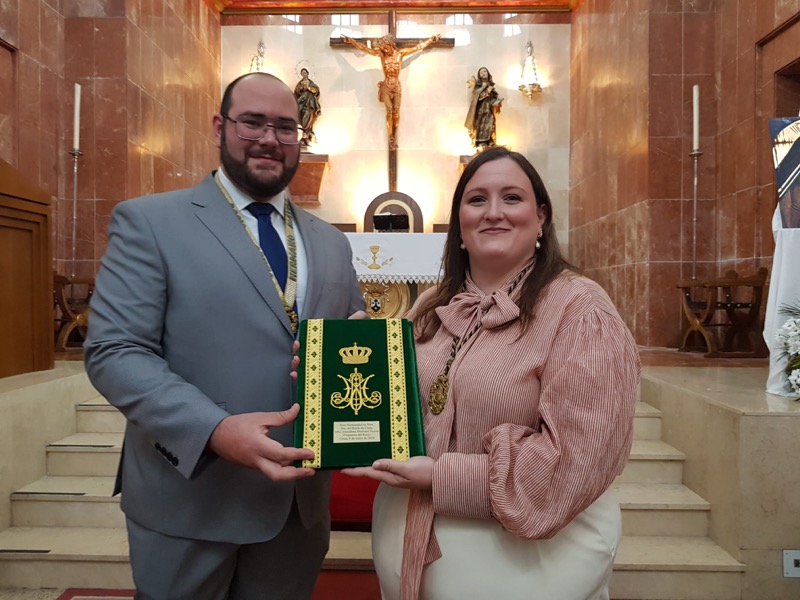 Han entregado en mano las guardas del pregón a Almudena Martínez, hermana que, el próximo nueve de mayo, encarnará en su voz el texto que con tanta delicadeza y cariño ha escrito. Posteriormente, han nombrado al pregonero juvenil, Daniel Riesco, que, con visible emoción, ha aceptado su misión.
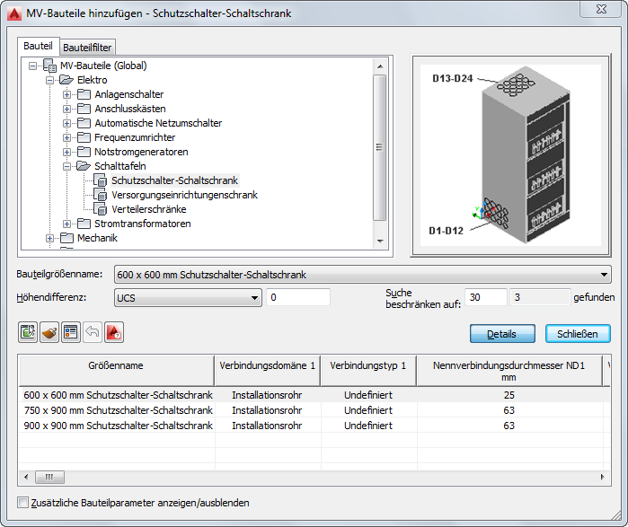 - Klicken Sie auf Details, um die verfügbaren Größen des gewählten Bauteiluntertyps anzuzeigen.
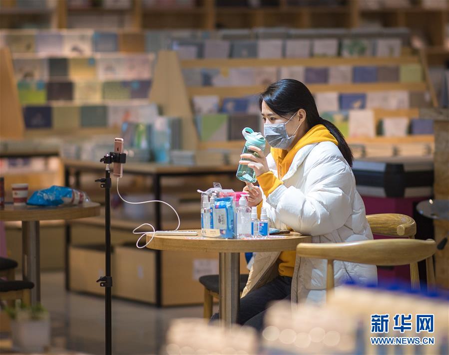 3月29日,在漢口北市場,一名主播在直播平臺直播銷售一款水杯。新華社記者肖藝九攝
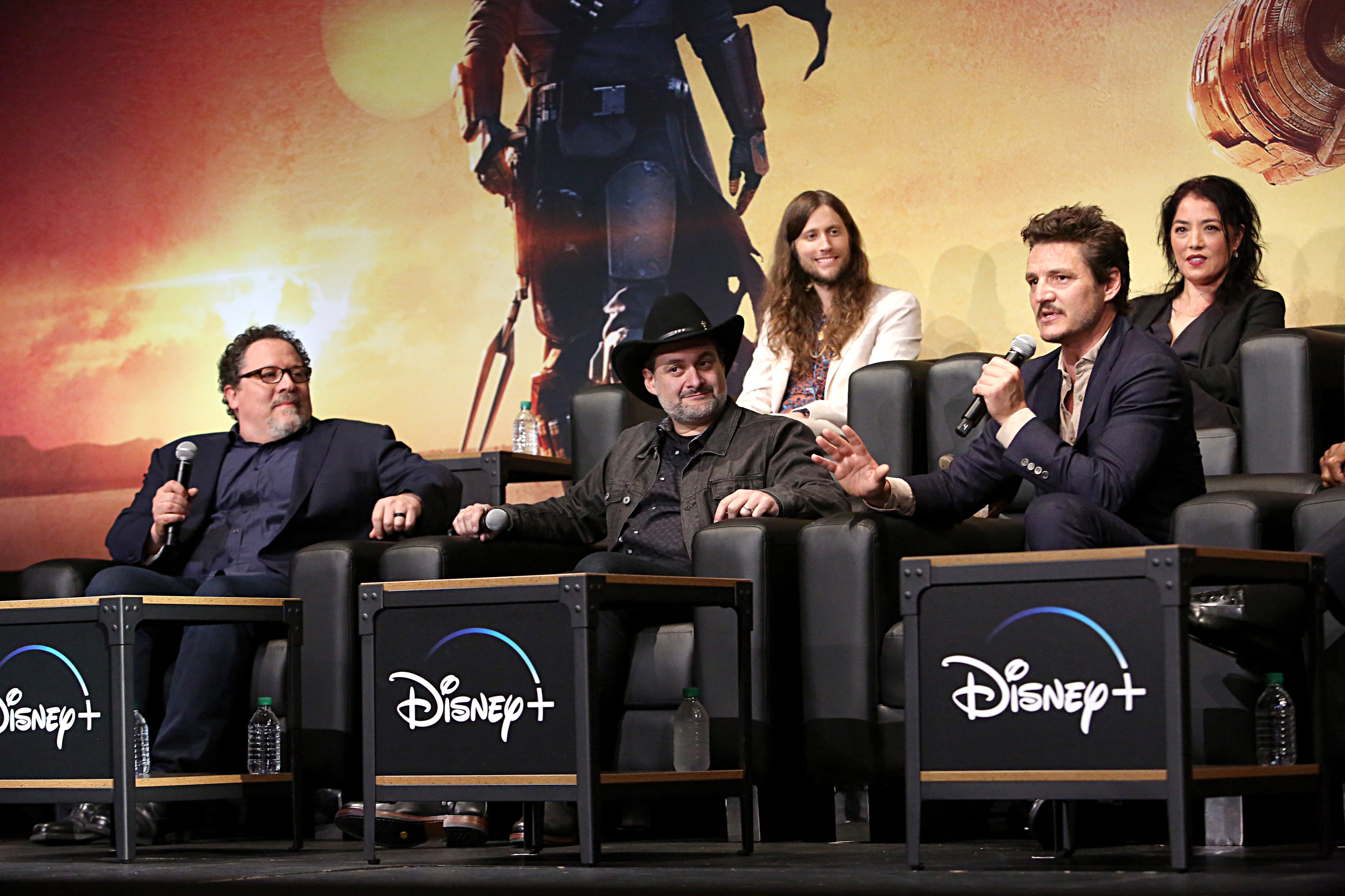 HOLLYWOOD, CALIFORNIA – NOVEMBER 13: (L-R) Executive Producer Jon Favreau, Executive Producer/Director Dave Filoni, Composer Ludwig Göransson, Pedro Pascal and Director Deborah Chow speak onstage at the premiere of Lucasfilm’s first-ever, live-action series, “The Mandalorian,” at the El Capitan Theatre in Hollywood, Calif. on November 13, 2019. “The Mandalorian” streams exclusively on Disney+. (Photo by Jesse Grant/Getty Images for Disney)
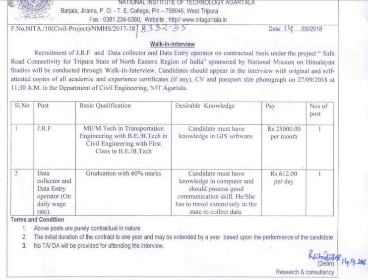 NIT Agartala Recruitment 2018: JRF, Data Collector, Data Entry Operator Jobs Online – Dean, Research and Consultancy, National Institute of Technology, Agartala has released an official Recruitment for Job vacancy for Walk-in-Interview on 14th September 2018. Mainly disclosing three terms and conditions as in the duration of attending the interview, no travelling allowance or dearness allowance will be given to the candidates.
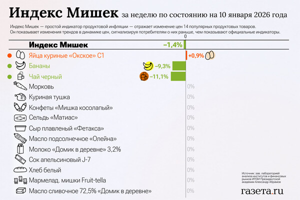 Черный чай в российских магазинах подешевел на 11,1% за неделю с 3 по 10 января 2026 года, бананы — на 9,3%. Об этом «Газете.Ru» рассказал создатель Индекса Мишек, заведующий лабораторией анализа институтов и финансовых рынков ИПЭИ Президентской академии Александр Абрамов.
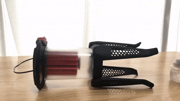 セットアップはたったの15秒程度。オイルユニットに着火して装着すればOK。
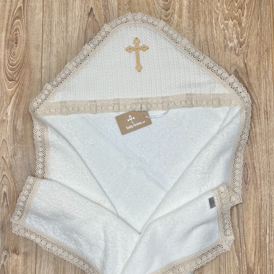 Prosop cu glugă, colț de prosop din prosop moale, decorat cu țesătură tricotată și broderie
□ □ □ □ □ □ □
_Task to complete_.
Output every entry exactly as given; pictures are not part of the copy.

_Written response_.
 Han entregado en mano las guardas del pregón a Almudena Martínez, hermana que, el próximo nueve de mayo, encarnará en su voz el texto que con tanta delicadeza y cariño ha escrito. Posteriormente, han nombrado al pregonero juvenil, Daniel Riesco, que, con visible emoción, ha aceptado su misión.
 - Klicken Sie auf Details, um die verfügbaren Größen des gewählten Bauteiluntertyps anzuzeigen.
 3月29日,在漢口北市場,一名主播在直播平臺直播銷售一款水杯。新華社記者肖藝九攝
 HOLLYWOOD, CALIFORNIA – NOVEMBER 13: (L-R) Executive Producer Jon Favreau, Executive Producer/Director Dave Filoni, Composer Ludwig Göransson, Pedro Pascal and Director Deborah Chow speak onstage at the premiere of Lucasfilm’s first-ever, live-action series, “The Mandalorian,” at the El Capitan Theatre in Hollywood, Calif. on November 13, 2019. “The Mandalorian” streams exclusively on Disney+. (Photo by Jesse Grant/Getty Images for Disney)
 NIT Agartala Recruitment 2018: JRF, Data Collector, Data Entry Operator Jobs Online – Dean, Research and Consultancy, National Institute of Technology, Agartala has released an official Recruitment for Job vacancy for Walk-in-Interview on 14th September 2018. Mainly disclosing three terms and conditions as in the duration of attending the interview, no travelling allowance or dearness allowance will be given to the candidates.
 Черный чай в российских магазинах подешевел на 11,1% за неделю с 3 по 10 января 2026 года, бананы — на 9,3%. Об этом «Газете.Ru» рассказал создатель Индекса Мишек, заведующий лабораторией анализа институтов и финансовых рынков ИПЭИ Президентской академии Александр Абрамов.
 セットアップはたったの15秒程度。オイルユニットに着火して装着すればOK。
 Prosop cu glugă, colț de prosop din prosop moale, decorat cu țesătură tricotată și broderie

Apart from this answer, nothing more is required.